アルコールによる中枢神経抑制作用などが主な問題となってきます。

 

 

アルコールと相互作用を持つ薬には以下のようなものがあります。

 

  • カロナール(アセトアミノフェン);アルコール常飲によるCYP2E1誘導により肝毒性を持つN-アセチル-p-ベンゾキノンイミンへの代謝促進
  • ベンゾジアゼピン系;アルコールはGABAA受容体に作用すること等により中枢神経抑制を示す
  • 非ベンゾジアゼピン系;中枢神経抑制作用を増強させる
  • フラジール(メトロニダゾール);アルデヒド脱水素酵素を阻害して、血中のアセトアルデヒドの濃度が上昇する
  • セフメタゾン(セフメタゾール);機序不明。

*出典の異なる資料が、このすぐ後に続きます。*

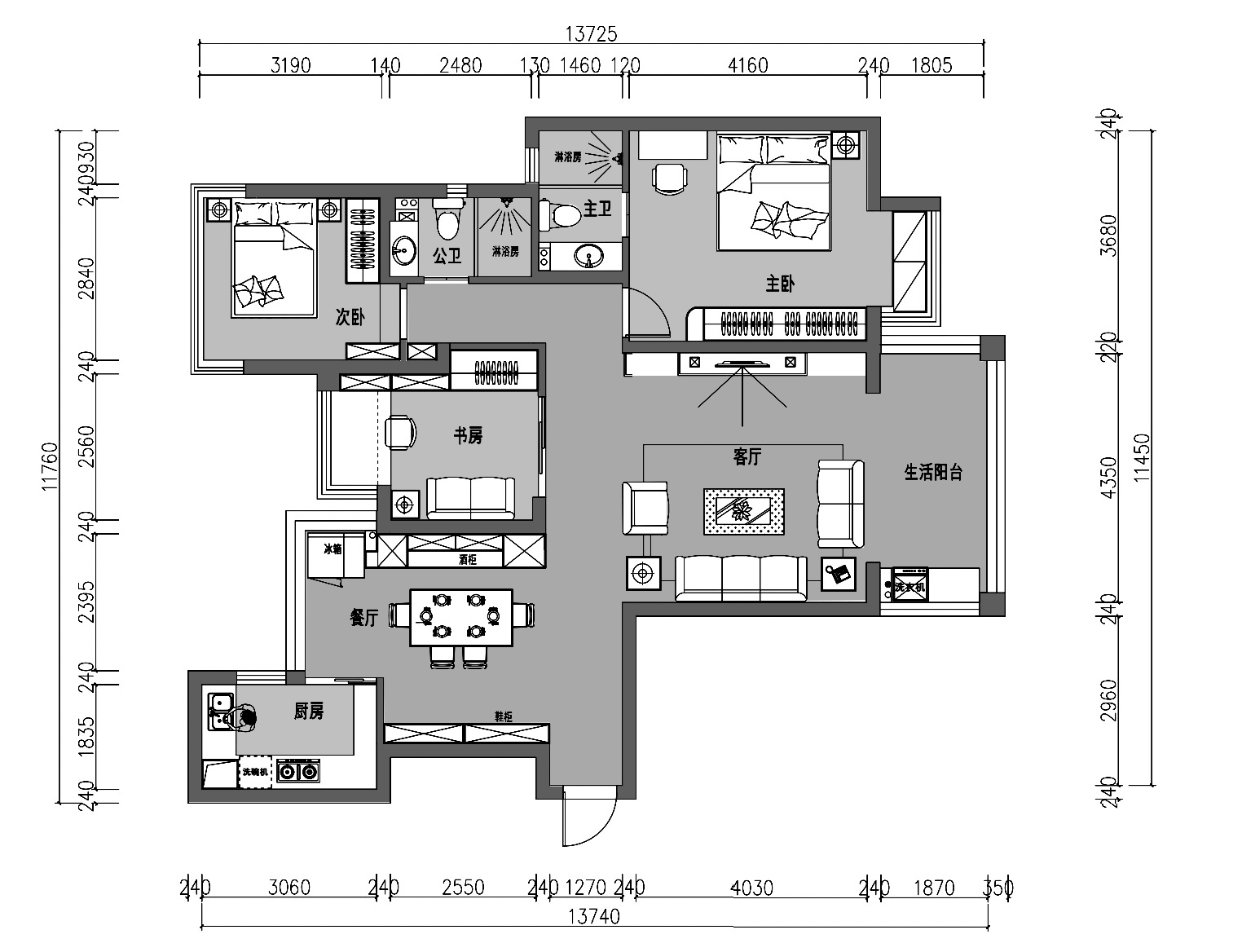 1、改變書房的開啟方向,面朝客廳,實(shí)現(xiàn)客廳及書房的南北通透。補(bǔ)充客廳的采光,實(shí)現(xiàn)活動(dòng)及私人空間的分區(qū)更加明朗。
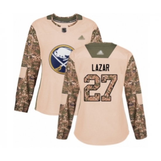 >Women's Buffalo Sabres #27 Curtis Lazar Authentic Camo Veterans Day Practice Hockey Jersey
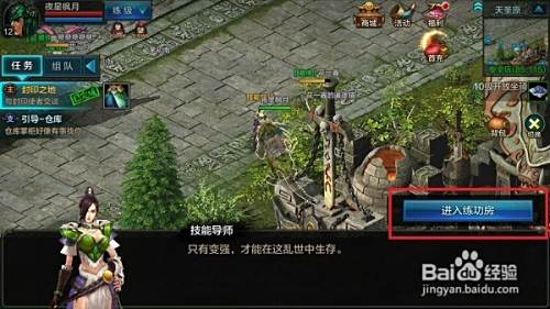 第六步点击练功房之后,人物会自动寻路过去,点击进入练功房,进行技能学习,需要注意的是练功房需要一定等级才能进去,如下图所示:
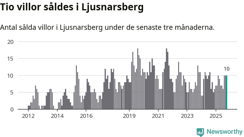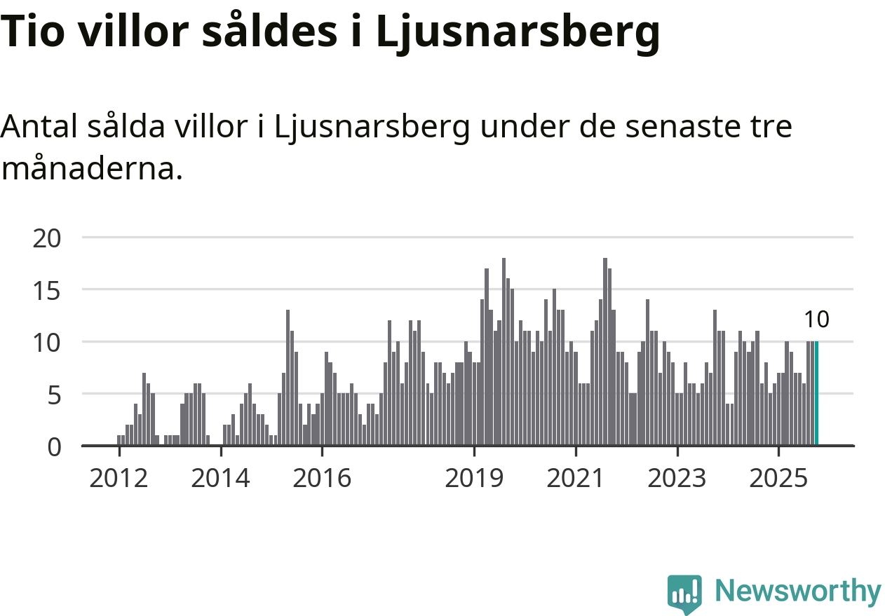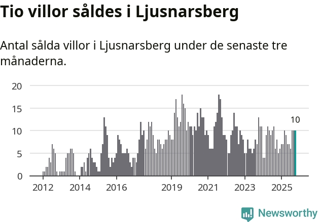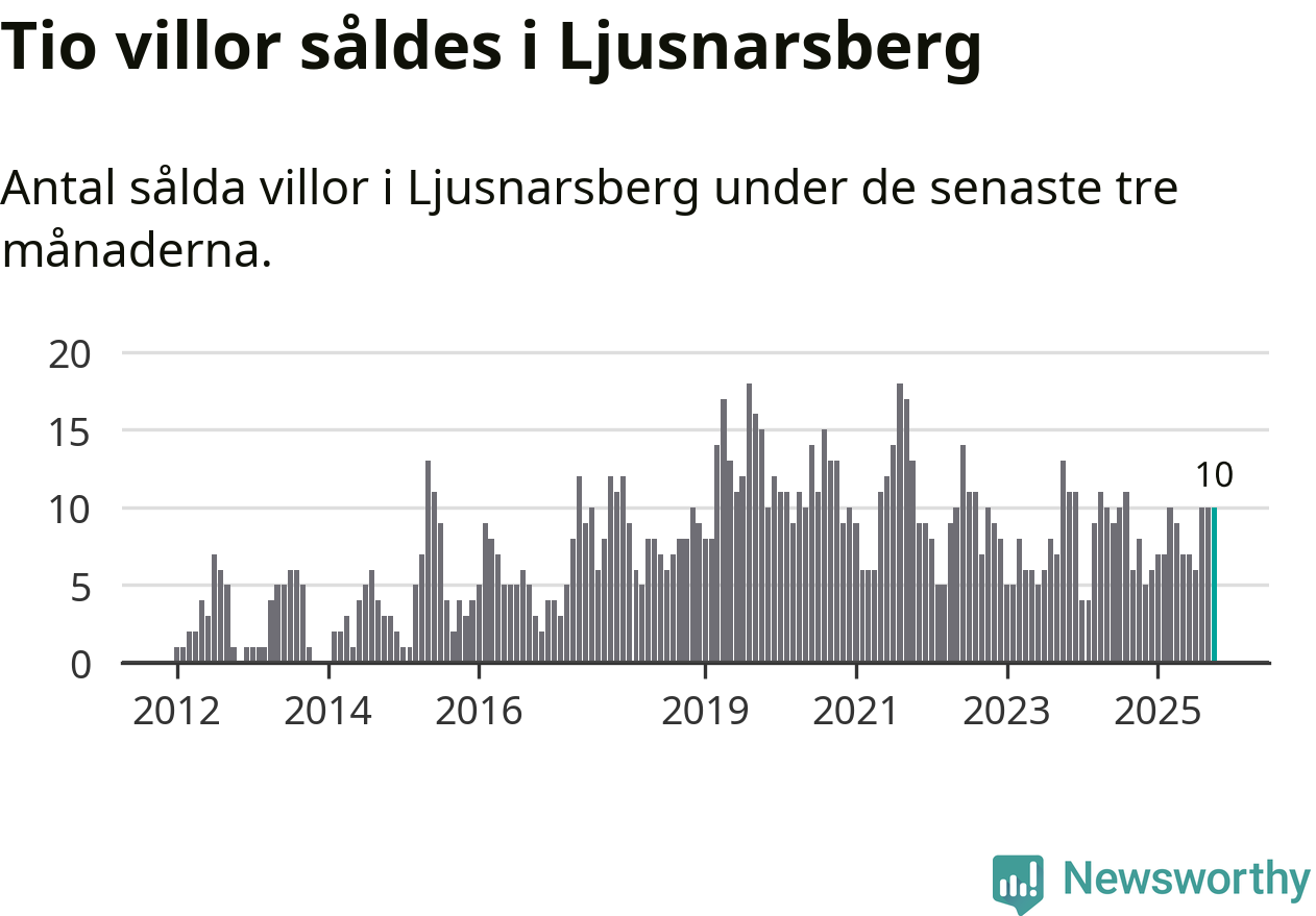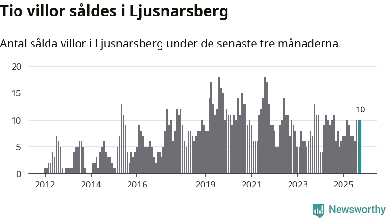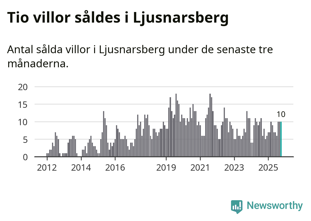 Mellan augusti och oktober gjordes sammanlagt tio affärer med villor i Ljusnarsbergs kommun. Det kan jämföras med åtta vid motsvarande tid i fjol.
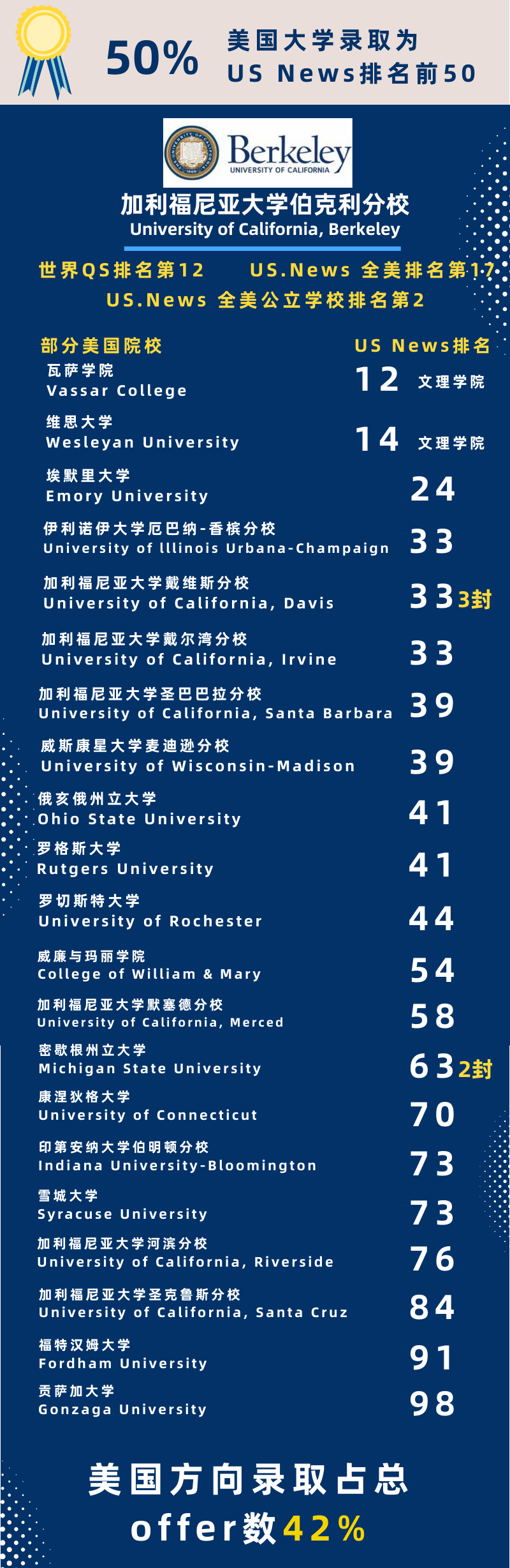 美国方向录取创历史新高,占比超40%,超半数录取为US NEWS全美排名前50高校,录取质量与数量均突破历史!

ジスルフィラム様作用
  • シアナマイド(シアナミド);嫌酒薬。アルデヒド脱水素酵素を阻害して、アセトアルデヒドを蓄積させる
  • ノックビン(ジスルフィラム);嫌酒薬。アルデヒド脱水素酵素を阻害して、アセトアルデヒドを蓄積させる
  • フェノチアジン系抗精神病薬;中枢神経抑制作用を増強させる
  • ニトロペン(ニトログリセリン);血圧低下が増強されることがある
  • タキソール(パクリタキセル);溶剤として無水エタノールを含有し、中枢神経系への影響やアレルギーの患者には注意
  • タキソテール(ドセタキセル);溶剤として無水エタノールを含有し、中枢神経系への影響やアレルギーの患者には注意
  • ジェブタナ(カバジタキセル);溶剤として無水エタノールを含有し、中枢神経系への影響やアレルギーの患者には注意
  • ザジテン(ケトチフェン);中枢神経抑制作用を増強させる
  • ゼスラン(メキタジン);中枢神経抑制作用を増強させる
  • レミカット(エメダスチン);中枢神経抑制作用を増強させる
  • ヒベルナ(プロメタジン);中枢神経抑制作用を増強させる
  • アタラックス(ヒドロキシジン);中枢神経抑制作用を増強させる
  • ペリアクチン(シプロヘプタジン);中枢神経抑制作用を増強させる
  • テグレトール(カルバマゼピン);中枢神経抑制作用を増強させる
  • 三環系抗うつ薬;中枢神経抑制作用を増強させる
  • 四環系抗うつ薬;中枢神経抑制作用を増強させる

 

私の経験上一番多いのは、ベンゾジアゼピン系とアルコールの組み合わせです。結構この組み合わせをやっている人は多く、特に高齢者は転倒などしないように呼び掛ける必要があります。

 

まとめ

  • アルコールは、アセトアルデヒド、そして酢酸へと代謝されていくが、個人差がある。
  • アルコールと薬を併用することで、主に中枢神経抑制作用が強まるため転倒に気をつける必要がある。